There are also other bits of text that are highlighted, which can be added to the home in order to garner a better reaction out of the family when it finished and revealed. Maybe someone in the family likes to cook. Maybe they like sports or perhaps movies. Building amenities that cater to these will improve how much they like the home you have created for them.
What makes the game more enjoyable is that there is no currency that needs to be earned in order to decorate. You make use of a recharging energy resource called “Volunteers” in order to build everything. The bigger and fancier the item, the more volunteers it takes to create. Unfortunately, this is a pretty significant double edged sword. While this means you, technically, have infinite money, it runs dry extraordinarily quickly and will take multiple game sessions just to finish one house. What makes this so detrimental is that you really don’t get a full sense as to whether or not you like the game or not in that first, critical play through. This is mitigated slightly by the ability to ask friends for more.

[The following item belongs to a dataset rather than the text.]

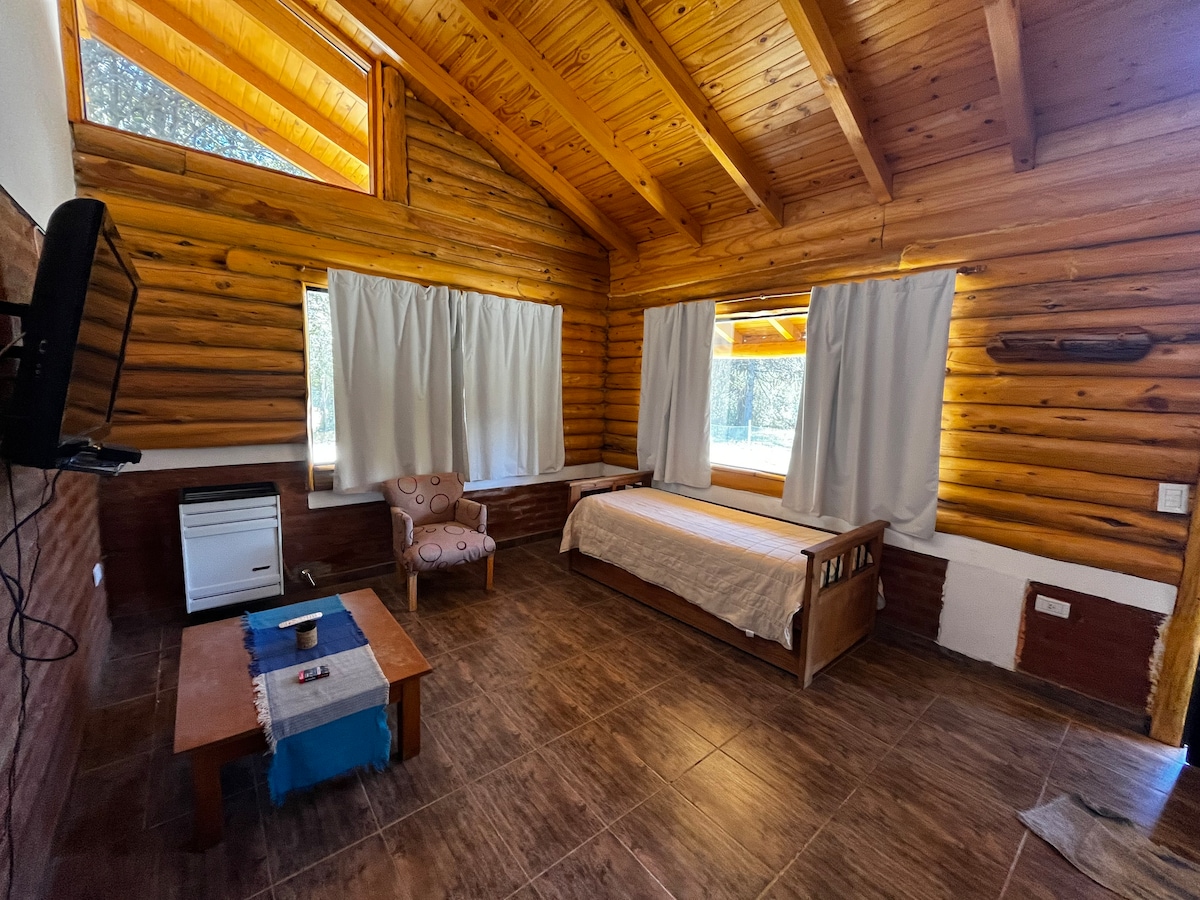 It is a single room with all the comforts to rest and enjoy an excellent stay. It has a mini dining room overlooking Lake Aluminé, full kitchen (Refrigerator, microwave, toaster, tableware, cutlery, pots, etc.) and private bathroom. On the balcony there is a separate grill and terrace table with the best view of Lake Aluminé. We have parking (not covered) in the interior of the property.
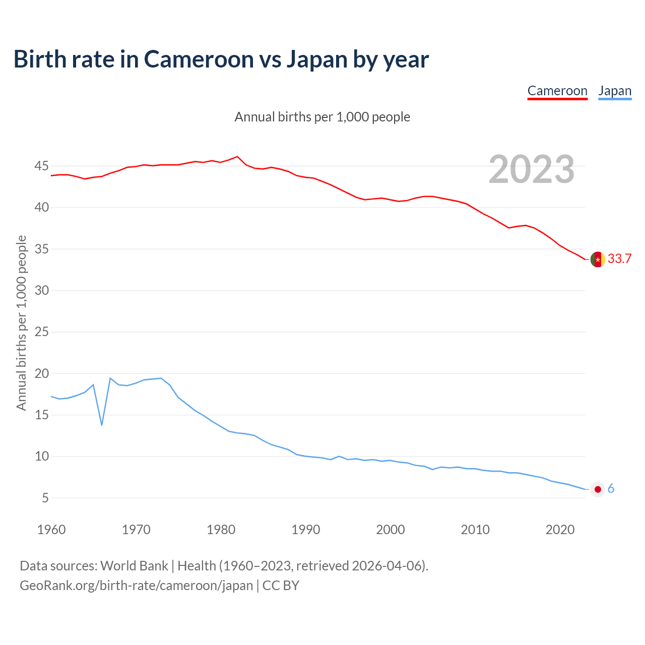 GeoRank.org/birth-rate/cameroon/japan | CC BY

To start building a new home, you have to first demolish the old home and select a house style and floor plan. This is done through simple clicks, but once both have been chosen, you have to move from room to room, via a blueprint mini-map, and decorate them piece by piece. As you go about doing so you can recheck on the family’s needs (that first blurb of text) at any time. Also, you want to try and complete the whole deal within a limited amount of time (the first house is about a day and a half).
During construction, you can also visit the fancy art tent, which consists of premium items that cost premium currency. In fact, these points can also be utilized to upgrade many of the amenities that you’ve already placed as well. What is a great social bonus too, is that while they are primarily purchased through Facebook credits, they can also be requested through friends.
Other than the significantly slow pace of Extreme Makeover, the other qualm come in the form of the decoration itself. It works okay most of the time. The key word is “most.” On occasion, items become unselectable and cannot be moved until you leave a room and come back. Thankfully, this did not occur often.
Even with these problems, Extreme Makeover: Home Edition is a pretty original and well made game. It has a feel-good style to it, which is helped quite a bit by its heartwarming music. The only significant downside is you don’t get much out of that first session due to a very limited volunteer pool, and it can take several play sessions to finish even one house. Nevertheless, if you enjoy decorative elements in game, this is a title you will most certainly enjoy.
- Technically an infinite supply of currency to buy items with. The core of the game is all about decoration and creativity. It is possible to make better homes for families by recognizing clues in their description.
- Extraordinarily slow-paced, requiring multiple sessions to finish even one house. The occasional bug prevents the moving of placed decorum.